DVT is a cross-engine data transformation CLI built on [dbt](https://github.com/dbt-labs/dbt-core). Write SQL models that JOIN tables living on *different* database engines — MySQL with Snowflake, Oracle with PostgreSQL, anything with anything — and DVT handles extraction, federation, and loading automatically.

```sql
{{ config(materialized='f_table') }}   -- "f" = federated

select
    c.customer_name,
    o.order_date,
    o.total_amount
from {{ source('crm', 'customers') }} c      -- lives on MySQL
join {{ source('erp', 'orders') }} o          -- lives on Snowflake
  on c.customer_id = o.customer_id
where o.order_date >= '2024-01-01'
```

```bash
pip install dvt-core
dvt sync       # installs every adapter + driver your profiles.yml needs
dvt run        # dbt runs what dbt can; DVT federates the rest
dvt version    # (worth running once — you'll see)
```

Website & full docs: **[getdvt.net](https://www.getdvt.net)** · [Quickstart](https://www.getdvt.net/docs/quickstart) · [PyPI](https://pypi.org/project/dvt-core/)

---

## Architecture

DVT is a **wrapper around stock dbt-core**, not a fork. dbt compiles the project and runs every standard model; DVT picks up the models dbt can't express — cross-engine federation models and locally-executed Python models — and runs them through its own pipeline:

```mermaid
flowchart TB
    CLI([dvt run / build]) --> COMPILE["dbt compile → manifest.json"]
    COMPILE --> STD["standard models<br/>table · view · incremental"]
    COMPILE --> FED["federated models<br/>f_table · f_incremental · .py"]
    STD --> DBT["stock dbt executes them<br/>on the default target"]
    FED --> HOMO{"all sources on<br/>ONE connection?"}
    HOMO -- "yes — Sling direct" --> DIRECT["whole query transpiled to the
    source engine, streamed straight
    to the target — no staging"]
    HOMO -- "no — federation" --> DECOMP["1 · DECOMPOSE — SQLGlot maps every
    table to a profiles.yml connection"]
    DECOMP --> PUSH["2 · TRANSPILE + PUSH DOWN — minimal
    per-source queries, each engine's dialect"]
    PUSH --> EXTRACT["3 · EXTRACT — Sling → Parquet, parallel"]
    EXTRACT --> COMPUTE["4 · COMPUTE — DuckDB joins locally"]
    COMPUTE --> LOAD["5 · LOAD — Sling delivers to any
    database, warehouse, or bucket"]
    DIRECT --> TARGET[("target")]
    LOAD --> TARGET
    DBT --> TARGET
```

### The Sling direct path (0.2.5)

When every source in an `f_table` model lives on **one** connection, steps 3–5 collapse into a single hop: the whole query — joins and aggregations included — is transpiled to that engine's dialect and submitted to Sling as a custom-SQL stream loaded straight to the target.
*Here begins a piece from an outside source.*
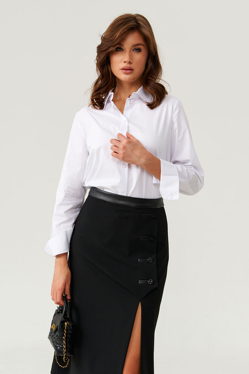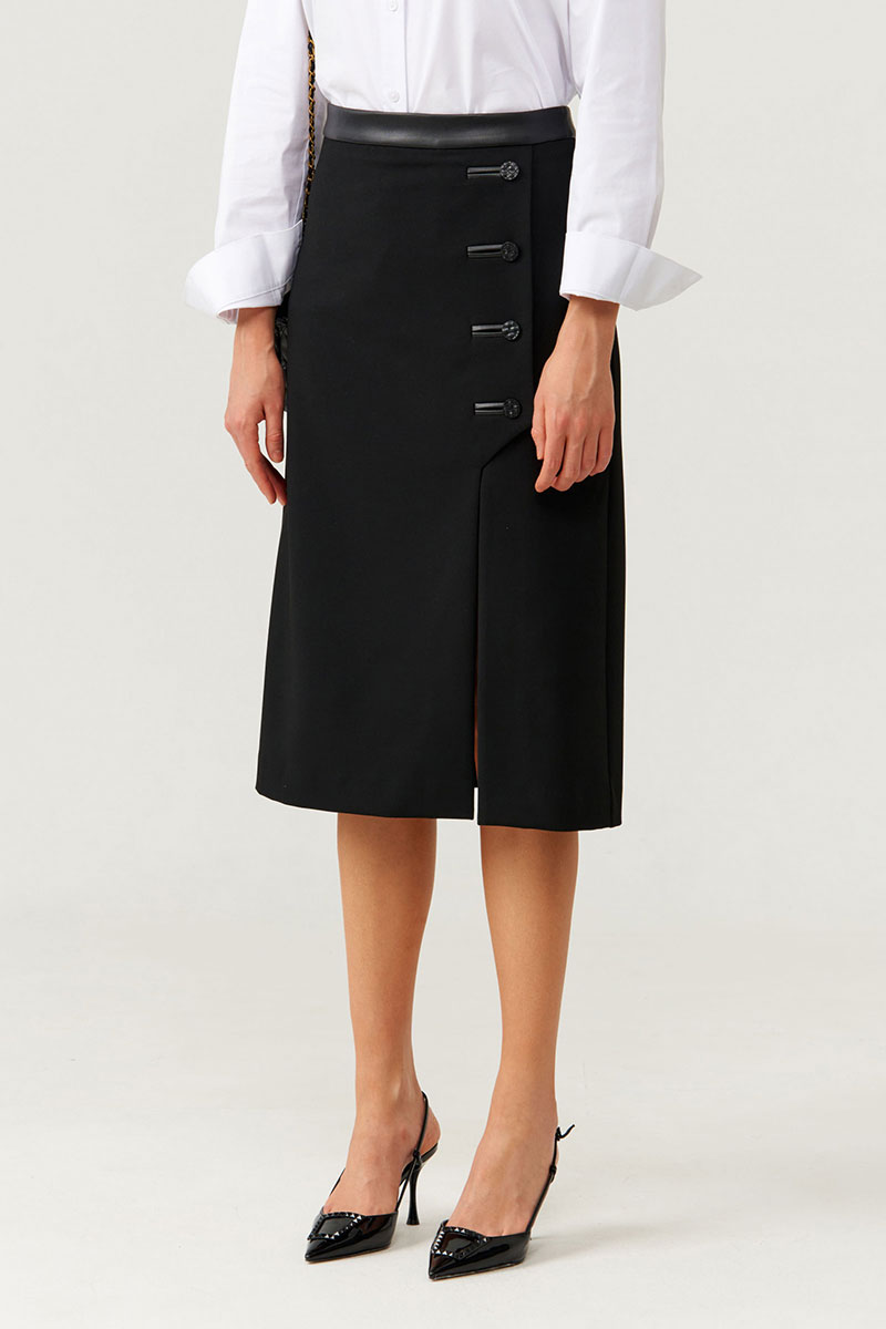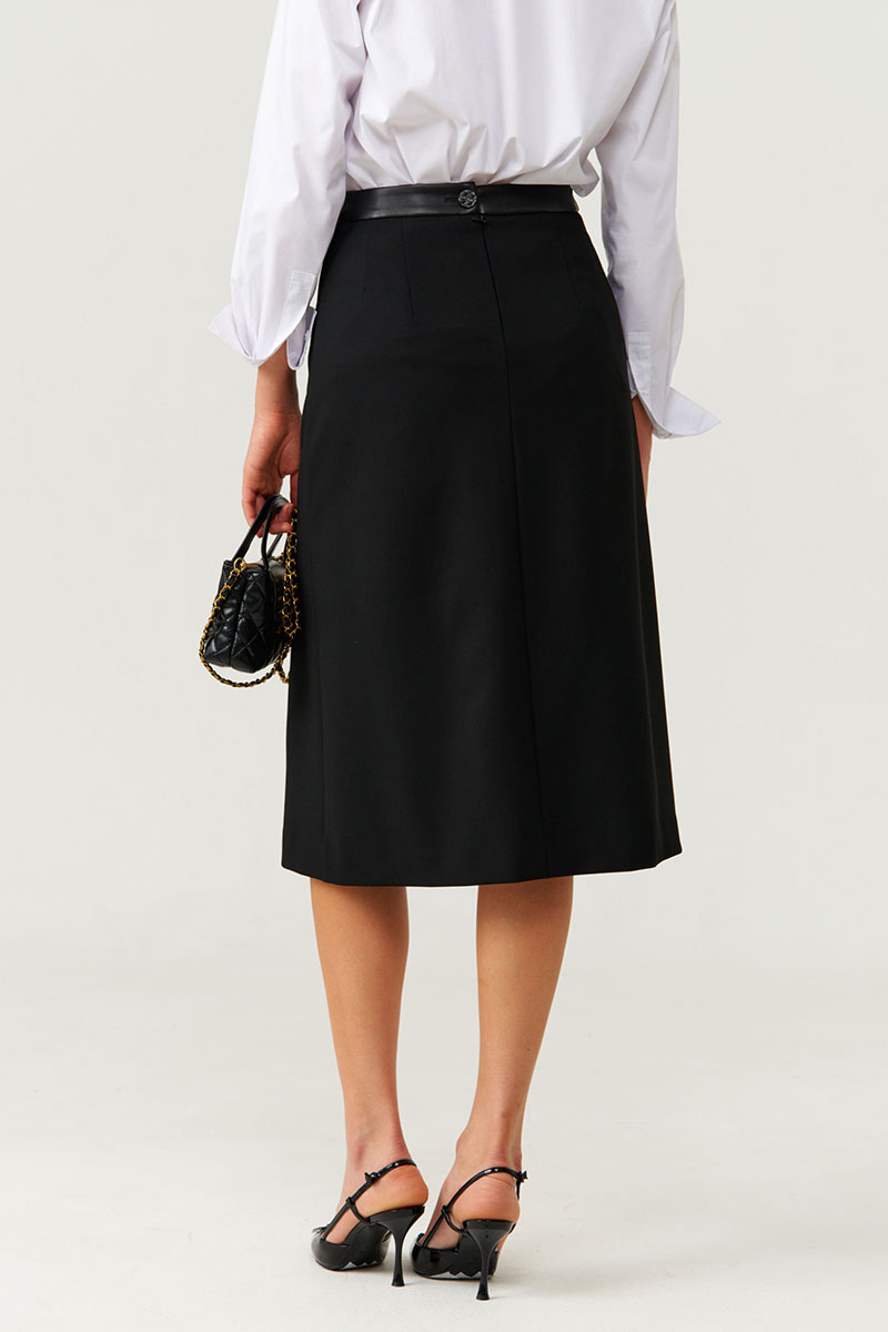 Женская юбка прямого силуэта из поливискозной ткани, идеально подходящая для повседневной носки. Верхний срез юбки оформлен притачным поясом с кожаной вставкой, внутренний край

No Parquet staging, no DuckDB. The check is automatic and per-run; any failure falls back to the standard pipeline. Add a source on another engine tomorrow and the same model silently switches to the federation pipeline — the model never changes.

### Execution paths

| Your model | Who runs it | How |
|---|---|---|
| `table` / `view` / `incremental` | stock dbt | natively on the default target — whole-query pushdown by definition |
| `f_table` / `f_incremental`, sources on one connection | DVT | **Sling direct**: full query pushed to the source engine, result streamed to the target |
| `f_table` / `f_incremental`, sources span connections | DVT | decompose → per-source pushdown extraction → DuckDB compute → load |
| `.py` models | DVT | locally executed; result loads to any target |

Standard models that set a non-default `target=` are **refused** with guidance (dbt silently ignores the kwarg — your model would land on the wrong engine).

### Design principles

- **Wrapper, not fork.** DVT shells out to the dbt CLI and reads `manifest.json` — it never imports dbt internals. Your dbt version can move; DVT keeps working. Every dbt feature (Jinja, macros, packages, tests, snapshots, docs) works because it *is* dbt running it.
- **Dual-dialect by design.** Federation models are written in DuckDB dialect and are transpiled per source — they never depend on any engine's syntax. Standard models compile in the default target's dialect via the official dbt adapter. Result: switching your default target (e.g. PostgreSQL → Databricks) is a profile change, not a rewrite.
- **Pushdown first.** The fastest row to move is the one you never extract. Filters and column pruning push down to source engines; when every table in a model lives on one engine, the entire query pushes down and nothing moves at all.
- **Your hardware does the joining.** Cross-engine compute happens in DuckDB on the machine running DVT — source databases only ever serve simple filtered SELECTs, and no warehouse bills you for the join.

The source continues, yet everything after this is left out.